In [chen2016color], a non learning-based joint visual-thermal method is presented. It is based on guided filtering of an up-sampled LR thermal input in areas that correlate well with the HR visual input. It is tested on visual-thermal pairs whose capturing sensors were manually calibrated to be aligned. Almastri et al. [almasri2018multimodal] introduced the learning-based visual-thermal SR methods VTSRCNN and VTSRGAN, built on top of the existing SRCNN and SRGAN. They perform joint visual-thermal SR by concatenating feature maps extracted from each input modality, and are trained and evaluated on the ULB17-VT [Almasri2019] visual-thermal dataset consisting of well aligned pairs.
As noted by Almasri et al. [almasri2018multimodal], in the context of cross-modal super-resolution, misalignment is a major limitation in producing artifact-free SR results.
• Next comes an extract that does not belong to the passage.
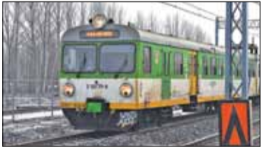
|| Powiat - Stare składy jeszcze pojeżdżą s. 2

STYCZNIOWA PROMOCJA REKLAMY DO -50% ZADZWOŃ I SIĘ PRZEKONAJ! 799 366 447

In their paper, it is claimed that the artifacts added to the SR result appear where there is cross-modal displacements, and a better synchronized capturing device would likely solve that problem. Our method’s approach in handling cross-modal misalignment is to deform the RGB modality and align details that improve the SR objective to the target modality.
Our method differs from the aforementioned joint cross-modality techniques in two central aspects. First, it requires only weak alignment, as opposed to the aforementioned techniques which rely on well aligned pairs. Second, our network does not require any training data, and therefore avoids the need for a modal-specific dataset, relying on the internal image-specific statistics instead. This allows us to work on unseen modalities using a single architecture, and it is more suitable for cases where external modality image datasets are hard to obtain, making supervision practically impossible. Moreover, when facing unique modalities with high internal variance (i.e, the images look differently from one another), it is more feasible to rely on the internal image statistics, and not on a highly varied dataset, if one exists.
2.2 Image Registration
The subject of multi-modal image registration has been studied mainly in the context of medical imaging. Deep methods [DBLP:journals/corr/SimonovskyGMNK16, DBLP:journals/corr/VosBVSI17, DBLP:journals/corr/abs-1809-06130] have mostly based their architectures on a regressor, a spatial transformer and a re-sampler. They use supervision to optimize their regression and deformation models. It is also possible to use similarity metrics (like cross-correlation) [DBLP:journals/corr/abs-1809-06130] instead of training a regressor with supervision, and obtain an unsupervised registration framework.
In our work, multi-modal image registration is integrated into the main SR task. We use the same SR reconstruction loss to optimize our deformation parameters. Thus, we do not require aligned pairs for training. The deformation framework used in our method is divided into three steps in a coarse-to-fine manner [DBLP:journals/corr/abs-1809-06130, DBLP:journals/corr/abs-1907-04641]. We first transform our image using global affine transformation for an initial rough approximation. Then, we further align our two modalities using CPAB [freifeld2017, skafte2018deep] transformation, which acts in a piecewise yet continuous manner. Finally, we use thin-plate spline (TPS) transformation for the final refinement of our alignment task.
3 Cross-Modality Super Resolution
The main motivation for our method is the ability to cope with pairs of images from different modalities which are only weakly aligned. To that end, our architecture includes a stage of local deformation which aligns objects in both images before they enter the SR network, as can be seen in Figures 4 and 5.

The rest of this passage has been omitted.